Rape, lets end the discussion

Started by Gabriel, Mar 21, 2006, 06:39 PM

previous topic - next topic
Go Down

Gabriel

Rape

All right lets get this over with.

I have tried to convince people for a long time that rape is not big deal. I have argued people to the point where they have said that rape is a big deal

Rape is not a big deal. Women volunteer to have penises (and other objects) stuck into their eager vaginas all day, every day.
The fact that it is an unwanted penis would bother and upset most people. Yes it should be a crime. Yes it should be outlawed. But to crown these women as supervictims and throw money at them goes too too far. How traumatizing can having an unconsented penis inserted into the same orifice that bloody tampons are pulled out of.

Now for anyone foolish enough to say, hey Gab you won't want to be anally raped now would you. The answer is obviously "no", but serves to put me on the defense, while setting up a straw man. What is worse is this question has thrown this debate out of MRA hands for years.
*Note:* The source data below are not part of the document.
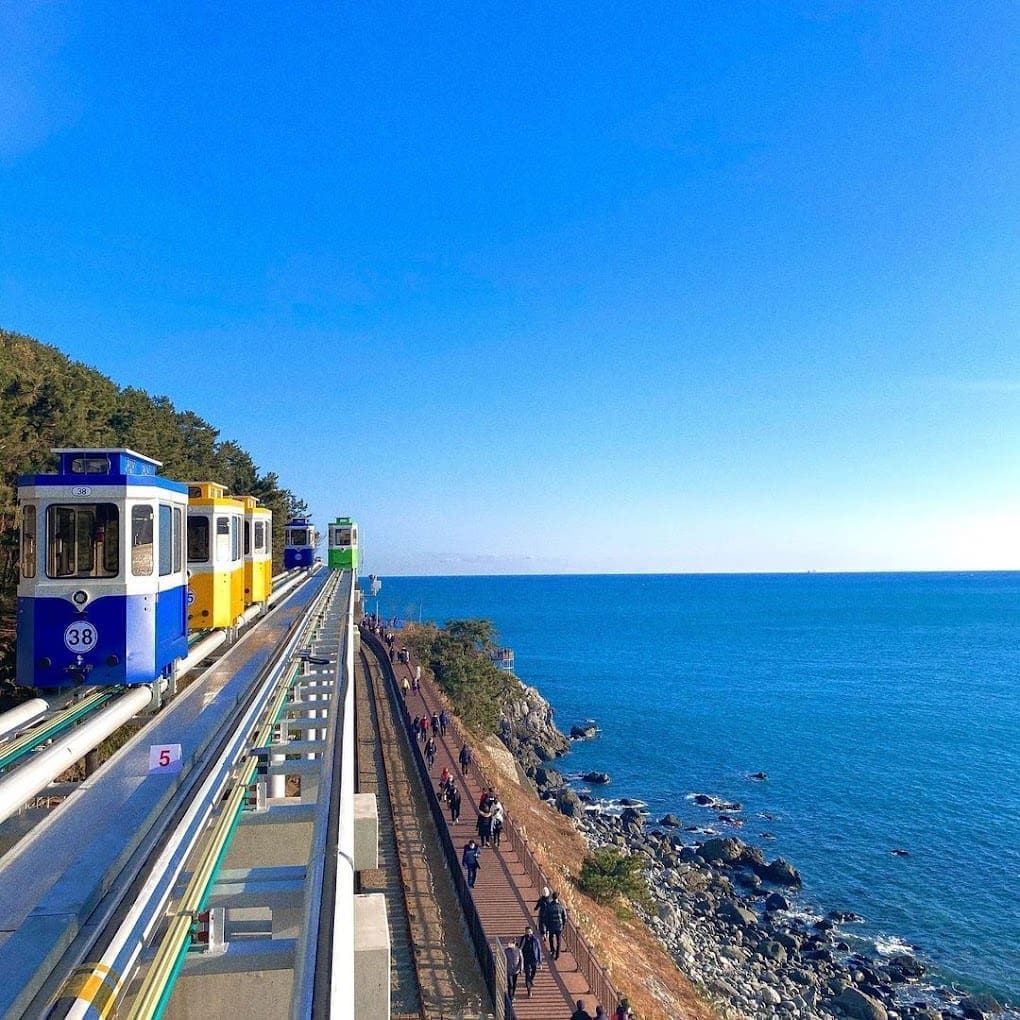 海雲台藍線公園的海岸列車沿著東海岸行駛,從尾浦到青沙浦全程約 5 公里,能飽覽大海、岩岸與漁村景致。車廂設計舒適,大片玻璃窗讓人盡情欣賞海天一色。沿途可停靠青沙浦燈塔、松亭海水浴場等景點,是浪漫又輕鬆的海岸之旅。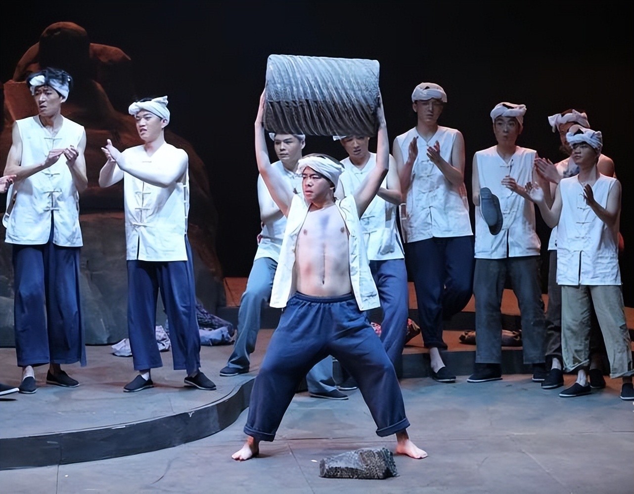 同时,转台采用类似于"八卦"的设计,传达了一种"宿命论"观念和无力感,暗示着桑树坪人民无法摆脱既定命运,在人、地和自然之间挣扎,找不到出路。舞台设计作为"先入为主"的因素,与观众产生最初步和最主观的联结,不仅在布景上为剧本的叙事提供支持,而且为话剧主题的建构铺下了基础。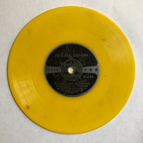 And that little yellow record? Easter Parade. Sixty-five years later I still find no evidence that there has ever been such a parade, but now the melody has wormed it’s way in again: “In your Easter bonnet, with all the frills upon it . . .” And even so, my mother somehow remained sane.

It shouldn't. Because you are comparing apples to oranges. Equivocating vaginally raping a women to anally raping a male is false. I'll start at the top and work my way down. A vagina it is designed to for penises to be repeatedly shoved in and out of it and for babies to pushed out of it. It is muscular and comparably wide, it lubricates and expands, so if an object is forced into the vagina the probability of physical pain and tearing is low. Physical effects of a vaginal rape disappears within a few days at most.

An anus is not designed to have things stuck into it. It is a thin tube designed to temporarily hold semi-liquid feces. Forcing an object in there causes massive tearing, ripping, and bleeding - massive physical pain that can last for weeks.

This does not even get into the gender relational aspect of this. Straight women consent for men to have sex with them. Psychologically - the fact that it is a male sticking his penis into her vagina is not the problem. It is the male and when that it is the problem.

If you truly wanted to compare apples to apples. Then you would have to have a female raping a man. Using her vagina on his penis. That is the true comparison.

dr e

Gabriel -  I think you are making a mistake in thinking that everyone is like you.  They are not. Perhaps if you had a vagina and were raped it wouldn't be such a bad thing for you.  Everyone is different and for one person being in a head on collision would be a huge trauma and for another it might be fun.  Allowing others to have their own reactions is a part of maturity.  Denying others their reactions is exactly what has been done to men for centuries.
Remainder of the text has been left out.